« Club 8 signe avec “Don’t Cry Baby, It’s Only A Film” une élégance mélancolique où même les larmes savent poser pour la caméra. »
On reconnaît certains groupes à leur capacité rare de faire entrer la tristesse dans une pièce sans jamais en assombrir les murs. Club 8 possède ce don depuis longtemps. Avec “Don’t Cry Baby, It’s Only A Film”, le duo suédois rappelle qu’il existe une mélancolie légère, presque solaire, celle qui avance en robe claire sur un trottoir mouillé plutôt qu’en drame surjoué.
Dès les premières secondes, le morceau installe un décor. Rien de tapageur, rien de spectaculaire : juste cette science nordique des textures discrètes, des guitares qui brillent à demi, des claviers qui passent comme des nuages bas, et ce tempo qui semble marcher à côté de vous plutôt que devant. Club 8 n’impose jamais, il accompagne. C’est une nuance précieuse à une époque où tant de pop veut immédiatement crier son importance.
Karolina Komstedt chante comme on confie un secret à quelqu’un qui a déjà compris. Sa voix garde cette distance tendre, ce velours sans démonstration qui a toujours fait la singularité du groupe. Elle ne cherche pas l’exploit vocal ; elle préfère l’émotion contenue, beaucoup plus durable. Chaque phrase semble déposée avec soin, comme si elle ne voulait pas froisser l’air autour d’elle.
Le titre est magnifique, presque une nouvelle en six mots. “Don’t Cry Baby, It’s Only A Film” dit tout : le déni élégant, la consolation maladroite, l’envie de minimiser ce qui brûle encore. On connaît tous cette phrase-là, sous mille formes.

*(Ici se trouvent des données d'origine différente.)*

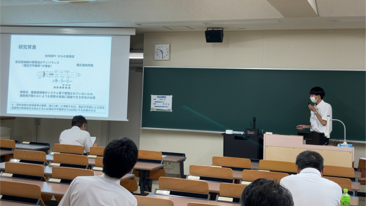 2025年9月18日~19日に福岡工業大学にて開催された2025年度(第78回)電気・情報関係学会九州支部連合大会において、電気工学科4年の松藤行知さん(橋口研究室)が「柱上単相変圧器の接続相判別手法を用いたデータ解析」について発表を行いました。また、大学院工学研究科・電気情報技術分野前期博士課程1年(今坂研究室)の学生さんも発表しました。
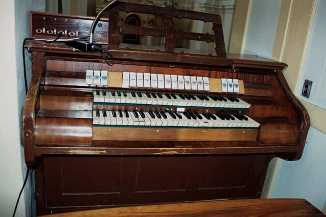 | Manuał I Bourdon 16’ – głos usunięty* Principał 8’ Viola di Gamba 8’ Salicional 8’ Flet Próżny 8’ Flet Rurkowy 4’ Octawe 4’ Progresion 2 2/3’ – głos usunięty* Mixtura 2 2/3’ | Manuał II Principał 8’ Łagodny reyestr 8’ Aeolina 8’ Voix Celeste 8’ Flet ukośny 4’ Violina 4’ – głos usunięty* | Pedał Subbas 16’ Violonbas 16’ – głos usunięty* Oktawbas 8’ Cello 8’ * głosy wykazane w karcie ODZ z 1981 roku. |

Ce moment où l’on prétend que ce n’est rien alors que tout tremble à l’intérieur. Club 8 transforme cette mécanique sentimentale en pop miniature.
Musicalement, le duo continue de maîtriser ce mélange qui lui appartient : dream pop, indie pop, sophistication rétro et simplicité apparente. Les arrangements ne surchargent jamais l’espace. Ils laissent la chanson respirer, et c’est précisément cette respiration qui touche. Beaucoup d’artistes remplissent ; Club 8 suggère.

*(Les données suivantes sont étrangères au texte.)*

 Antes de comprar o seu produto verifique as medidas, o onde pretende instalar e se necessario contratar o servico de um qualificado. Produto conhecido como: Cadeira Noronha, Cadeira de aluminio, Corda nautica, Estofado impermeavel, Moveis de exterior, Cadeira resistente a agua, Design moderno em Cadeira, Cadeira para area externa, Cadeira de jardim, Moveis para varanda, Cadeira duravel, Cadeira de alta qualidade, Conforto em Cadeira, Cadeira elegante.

Personnellement, j’aime ce type de morceau pour sa pudeur. Il refuse la performance émotionnelle. Il ne mendie pas l’attention. Il reste là, calme, bien habillé, presque timide, puis finit par vous suivre toute la journée sans prévenir. C’est souvent le signe des grandes chansons discrètes : elles reviennent quand le vacarme s’éteint.

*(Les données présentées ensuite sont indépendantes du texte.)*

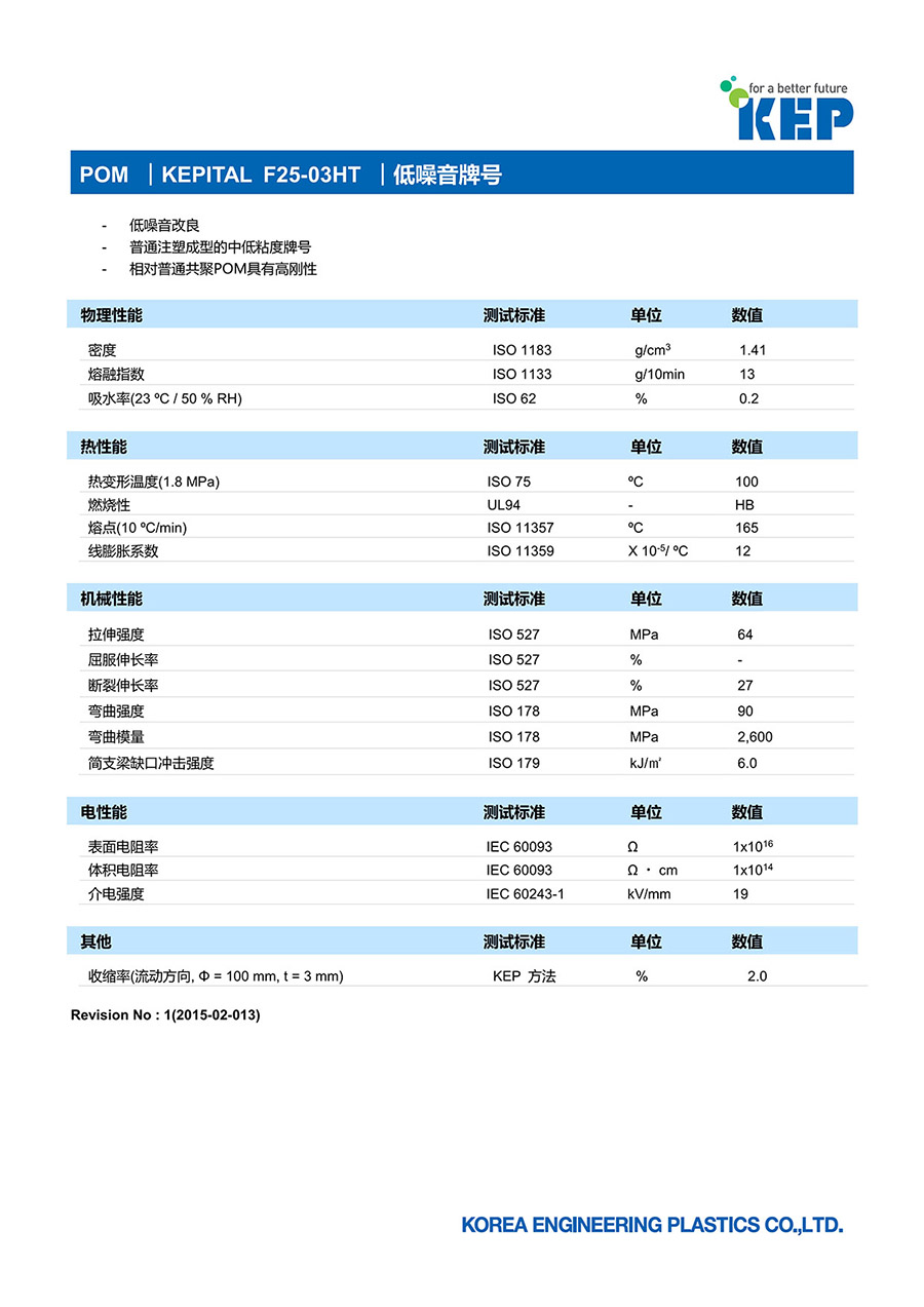 - 低噪音改良- 普通注塑成型的中低粘度牌號- 相對普通共聚POM具有高剛性

Il y a aussi quelque chose de cinématographique, évidemment, mais pas au sens grandiloquent du terme. Plutôt un vieux générique de fin, une ville qui défile derrière une vitre, un visage qui hésite entre sourire et regret. Club 8 sait filmer les sentiments avec peu de lumière.
Après tant d’années de carrière, le duo conserve ce que beaucoup perdent vite : la grâce. “Don’t Cry Baby, It’s Only A Film” n’essaie pas de rajeunir, de courir après les tendances ou de se déguiser en nouveauté. Il préfère rester intemporel. Et dans un paysage saturé d’effets, cette douceur maîtrisée devient presque radicale.